■ The task
Take the lines from the one containing "Fes old city" through the final line below and restate them exactly. Omit the pictures.

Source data

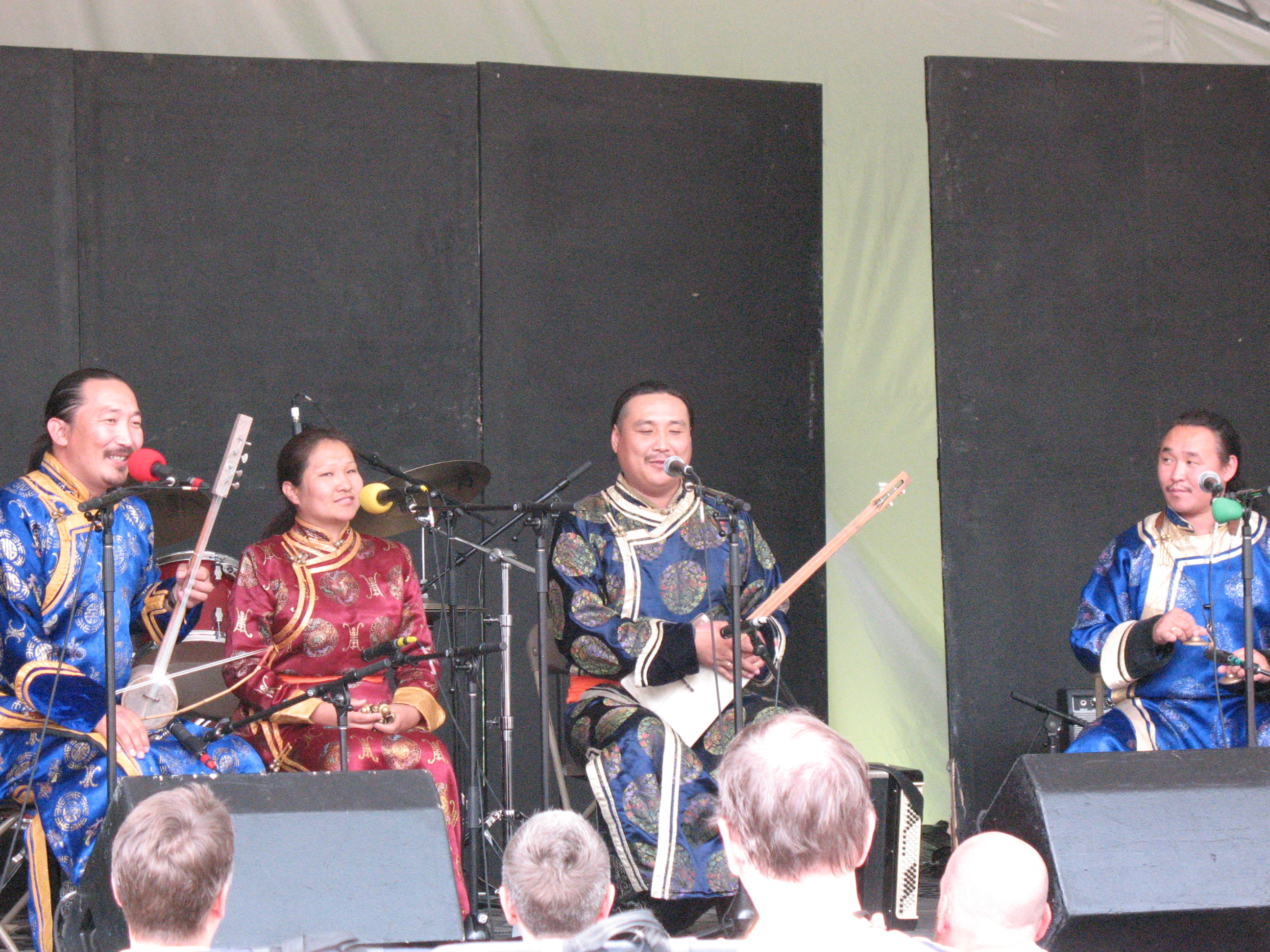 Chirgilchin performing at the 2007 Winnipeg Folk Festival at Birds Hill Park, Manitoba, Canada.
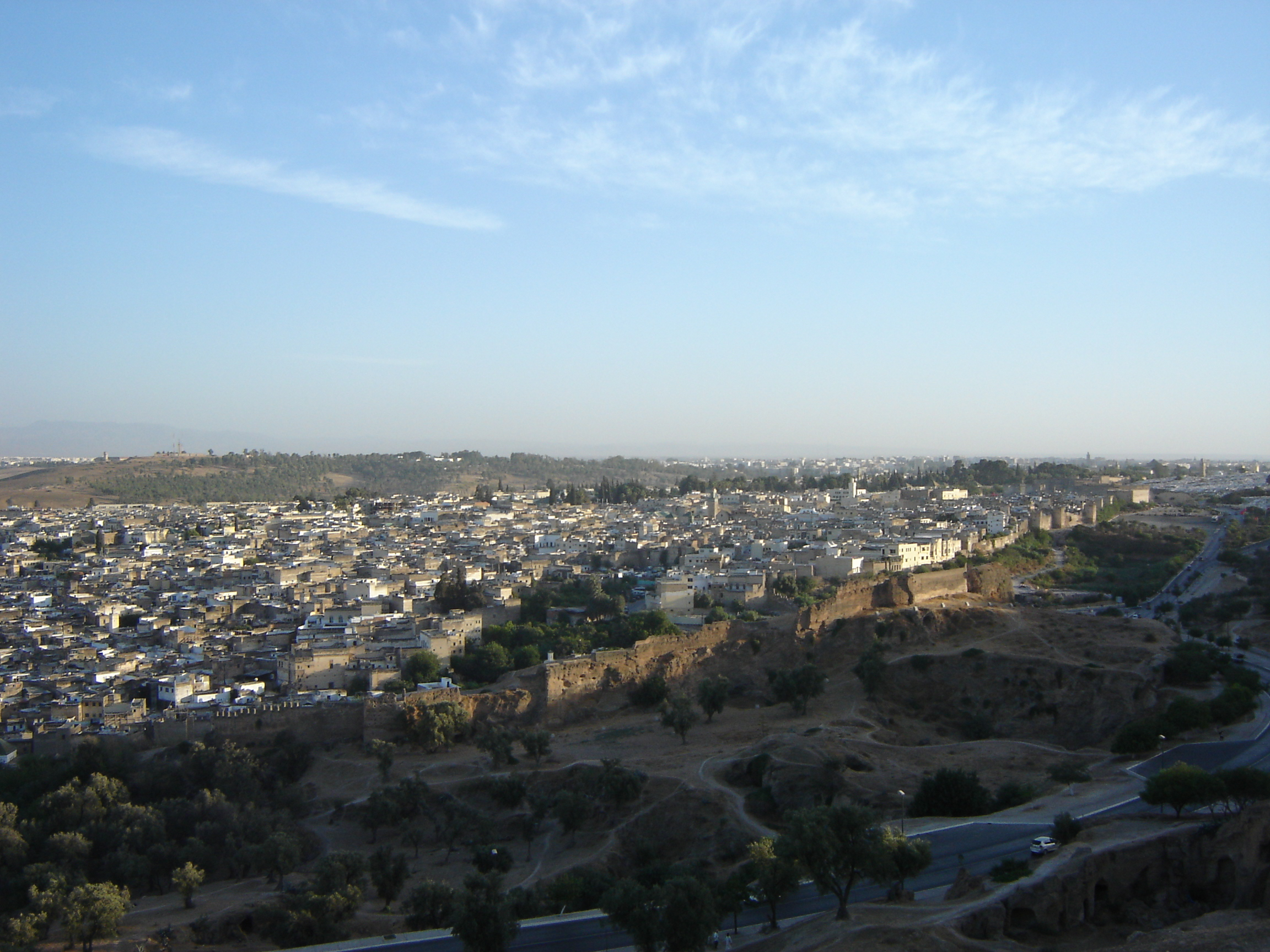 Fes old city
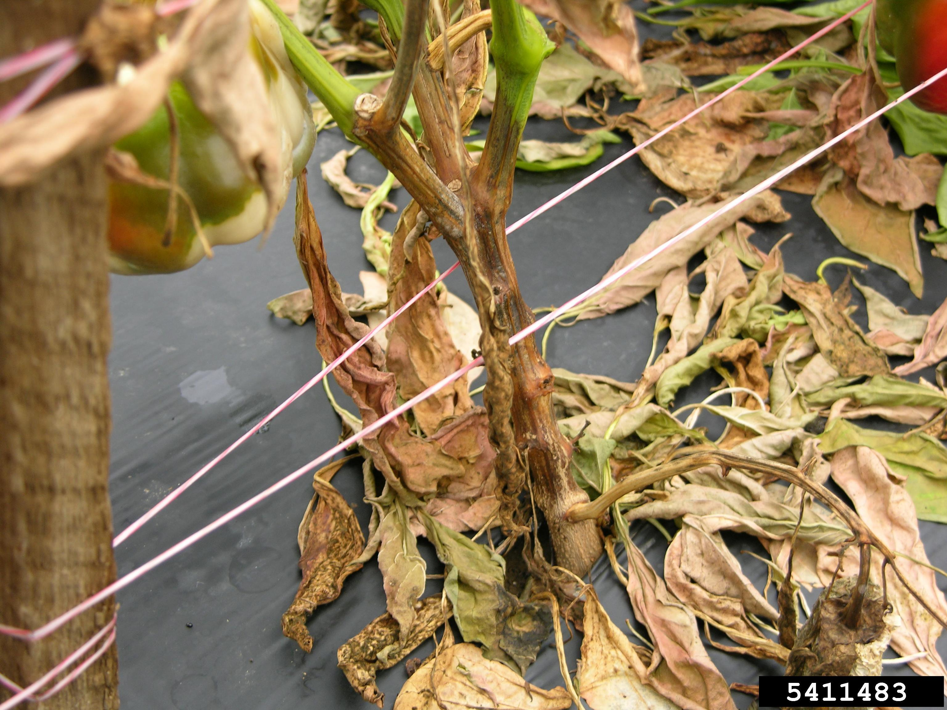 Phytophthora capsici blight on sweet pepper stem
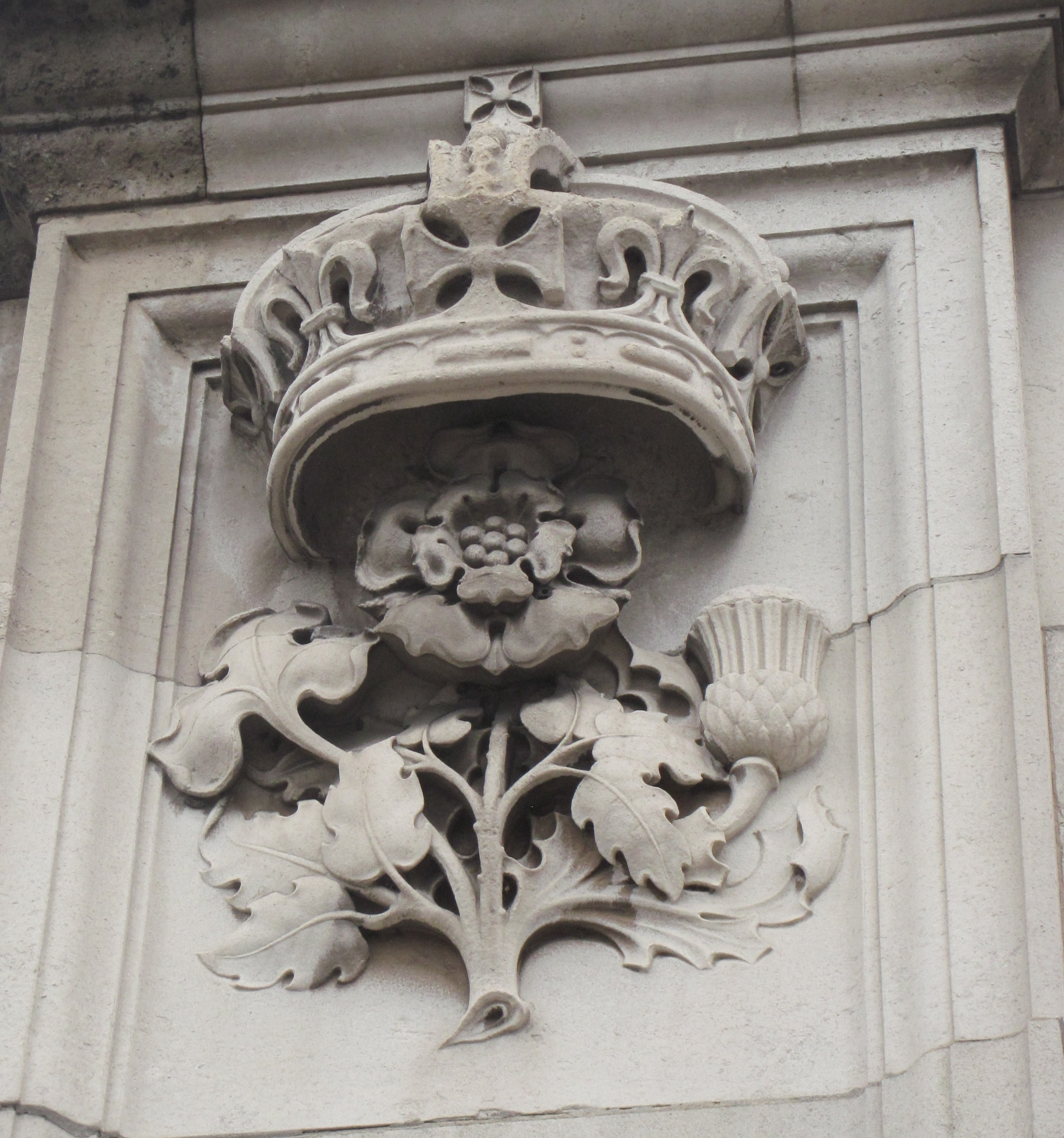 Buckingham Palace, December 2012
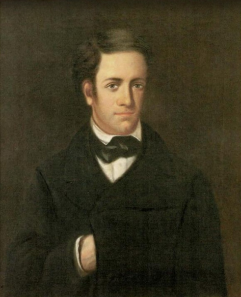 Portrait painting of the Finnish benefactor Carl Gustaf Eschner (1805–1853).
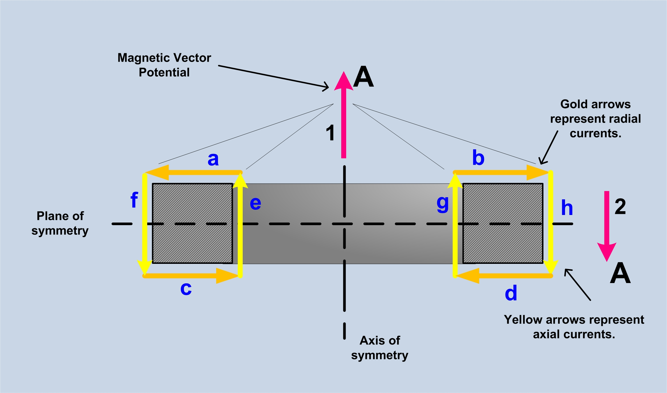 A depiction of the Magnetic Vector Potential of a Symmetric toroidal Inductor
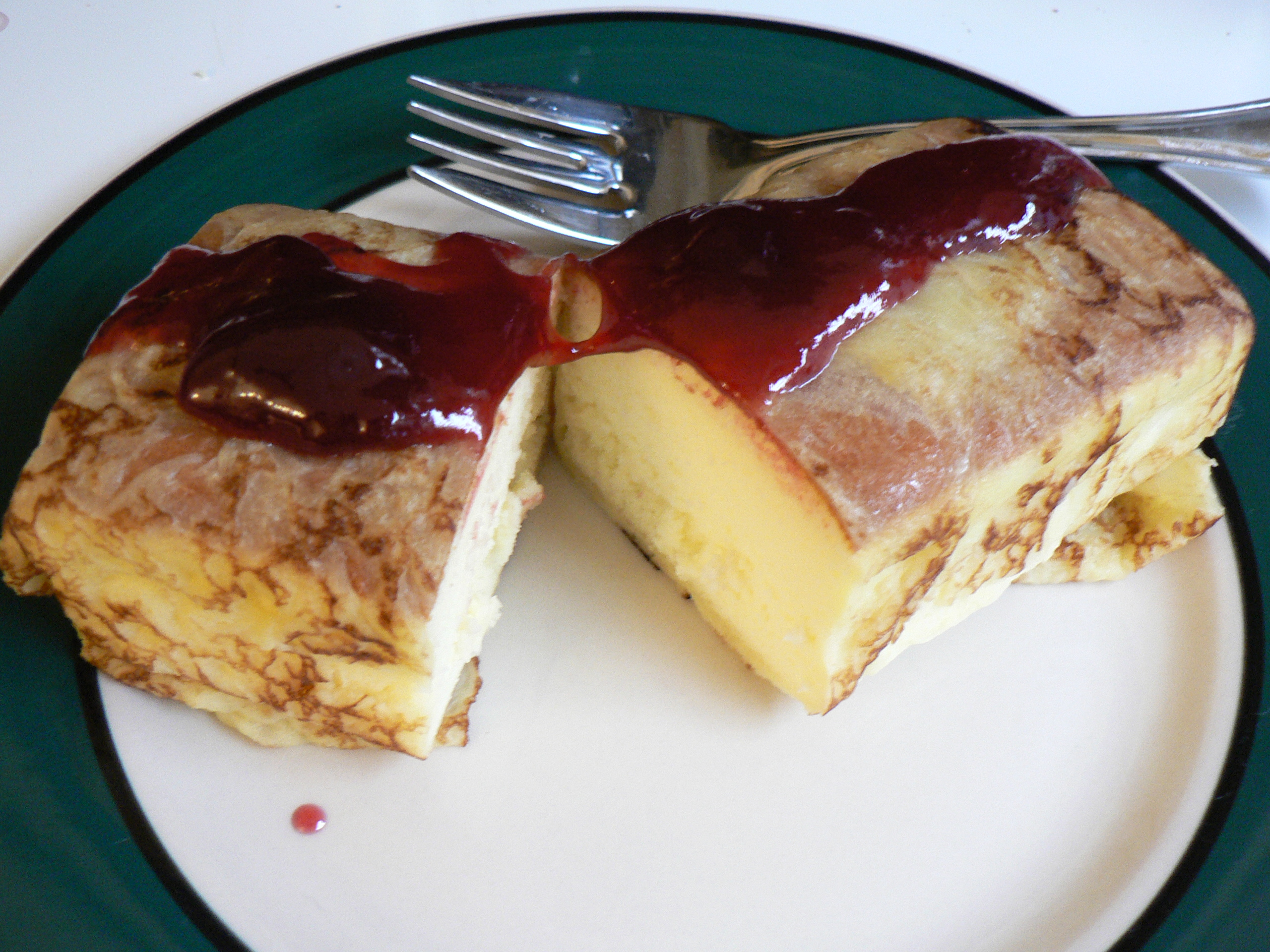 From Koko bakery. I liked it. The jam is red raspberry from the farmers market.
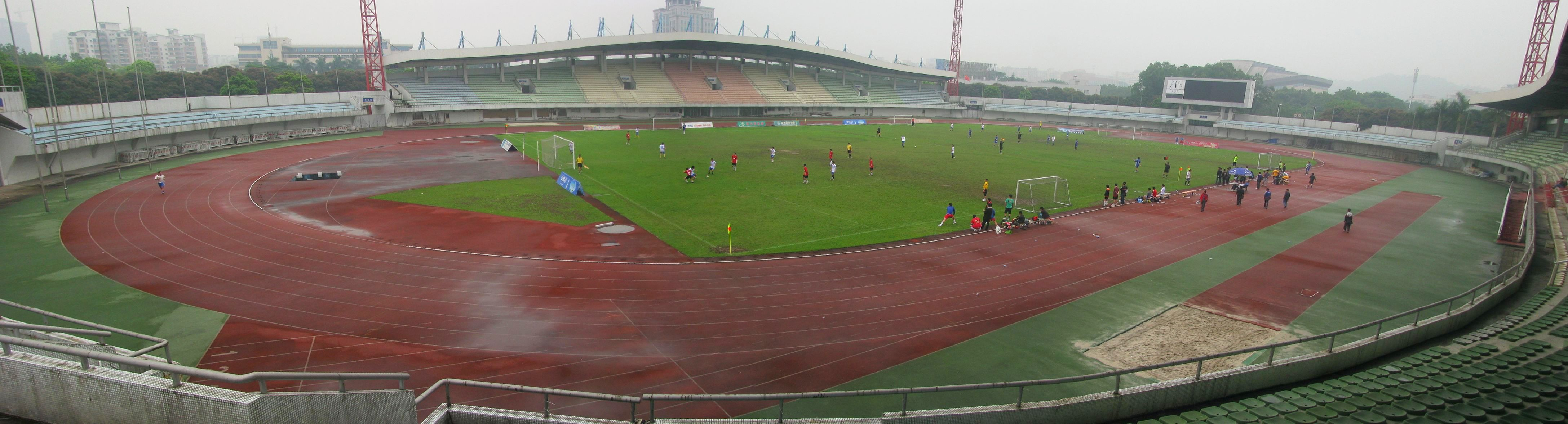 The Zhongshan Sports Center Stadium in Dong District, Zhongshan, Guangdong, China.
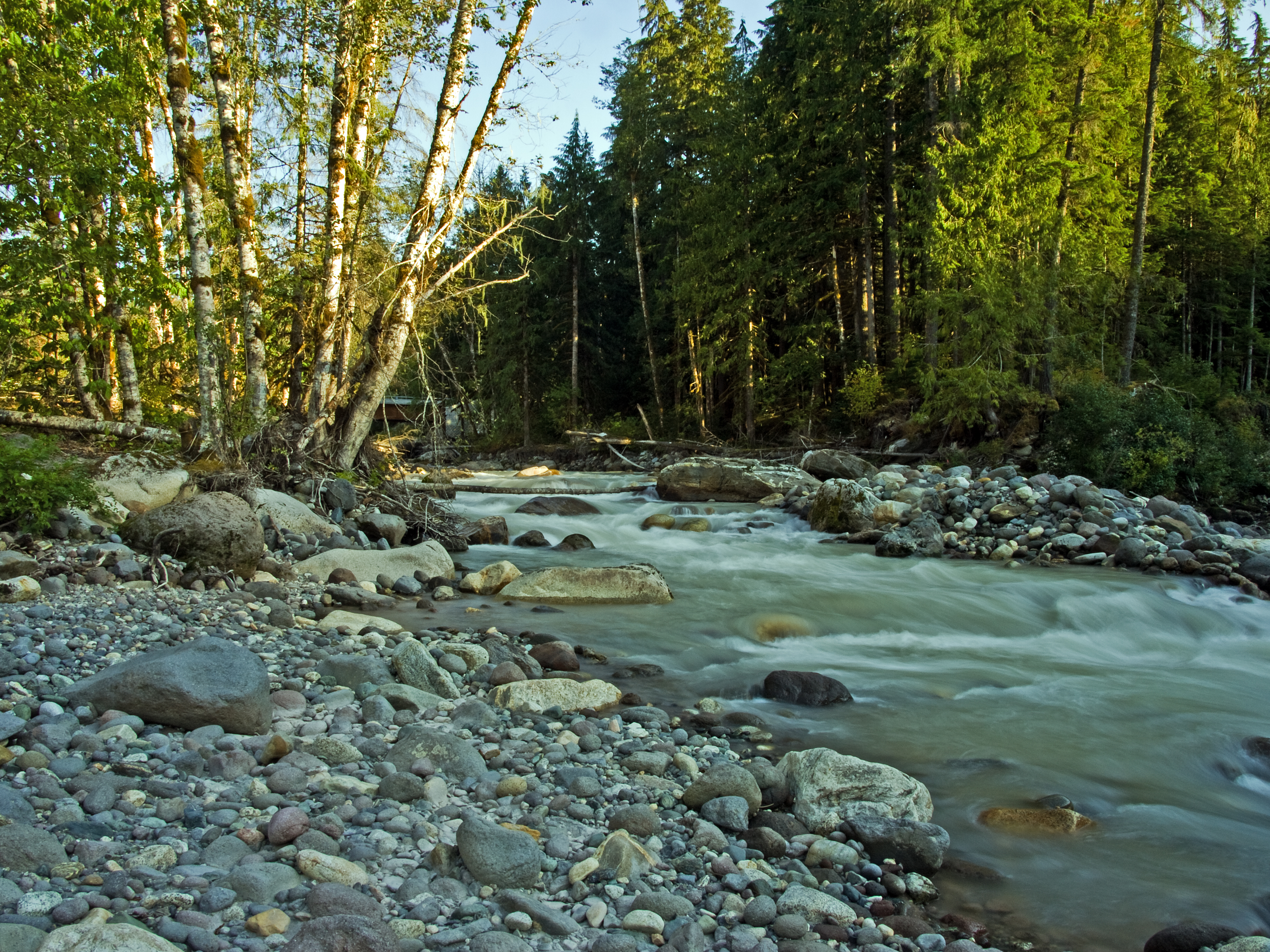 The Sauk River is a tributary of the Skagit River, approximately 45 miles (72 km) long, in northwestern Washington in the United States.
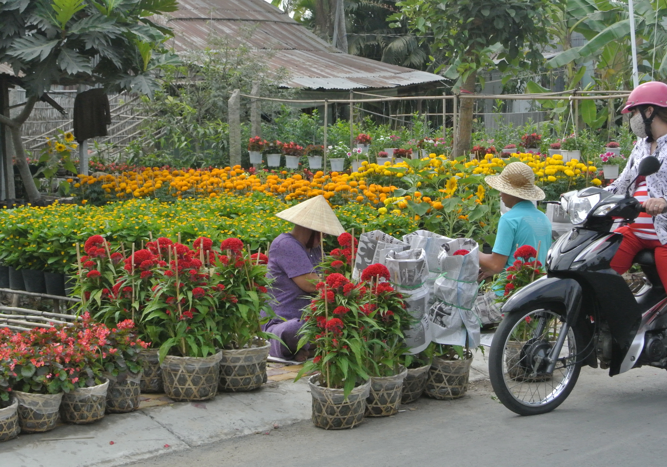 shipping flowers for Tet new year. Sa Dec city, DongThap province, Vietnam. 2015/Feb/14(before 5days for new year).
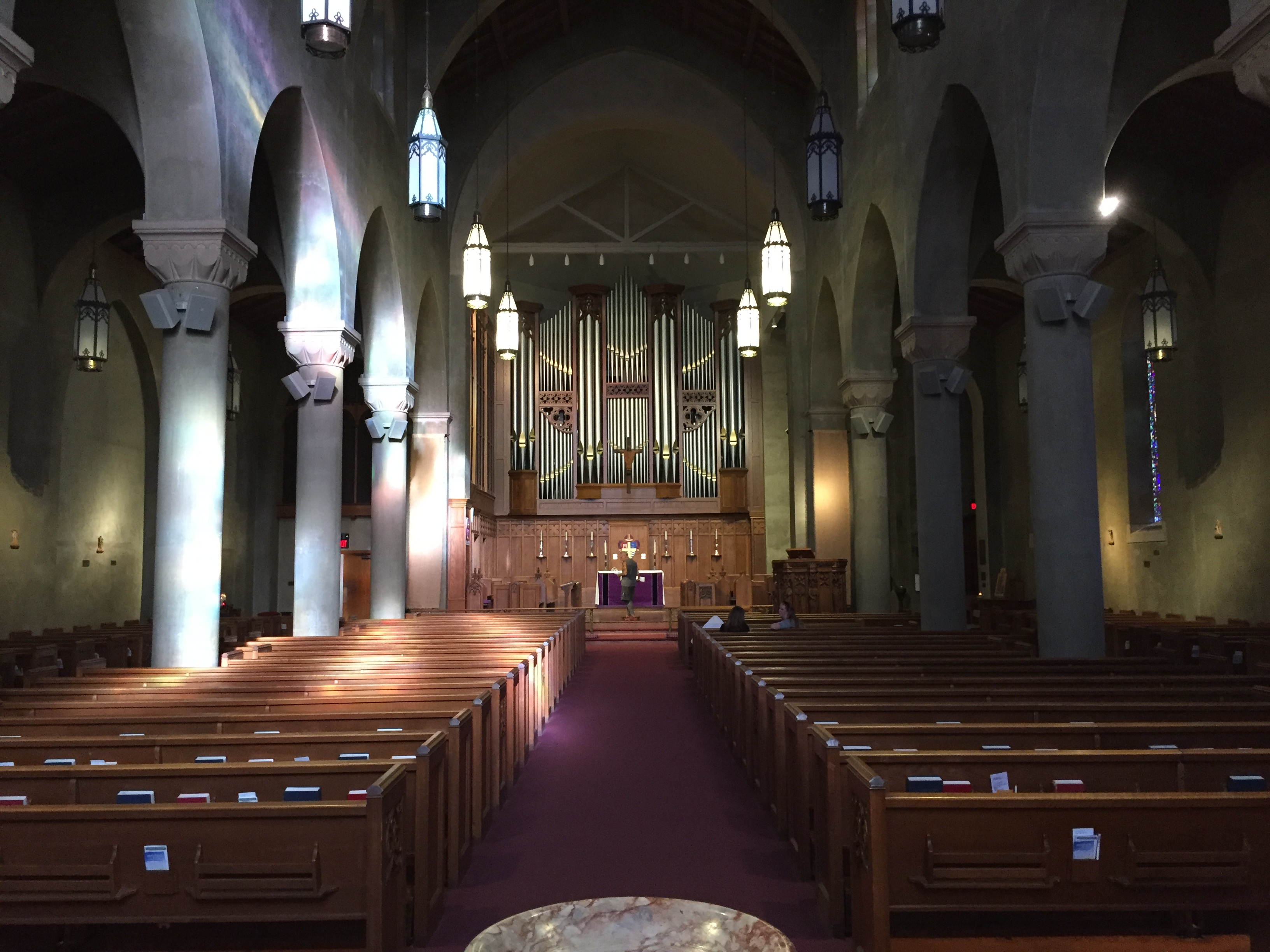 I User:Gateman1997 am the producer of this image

■ Solution
 Fes old city
 Phytophthora capsici blight on sweet pepper stem
 Buckingham Palace, December 2012
 Portrait painting of the Finnish benefactor Carl Gustaf Eschner (1805–1853).
 A depiction of the Magnetic Vector Potential of a Symmetric toroidal Inductor
 From Koko bakery. I liked it. The jam is red raspberry from the farmers market.
 The Zhongshan Sports Center Stadium in Dong District, Zhongshan, Guangdong, China.
 The Sauk River is a tributary of the Skagit River, approximately 45 miles (72 km) long, in northwestern Washington in the United States.
 shipping flowers for Tet new year. Sa Dec city, DongThap province, Vietnam. 2015/Feb/14(before 5days for new year).
 I User:Gateman1997 am the producer of this image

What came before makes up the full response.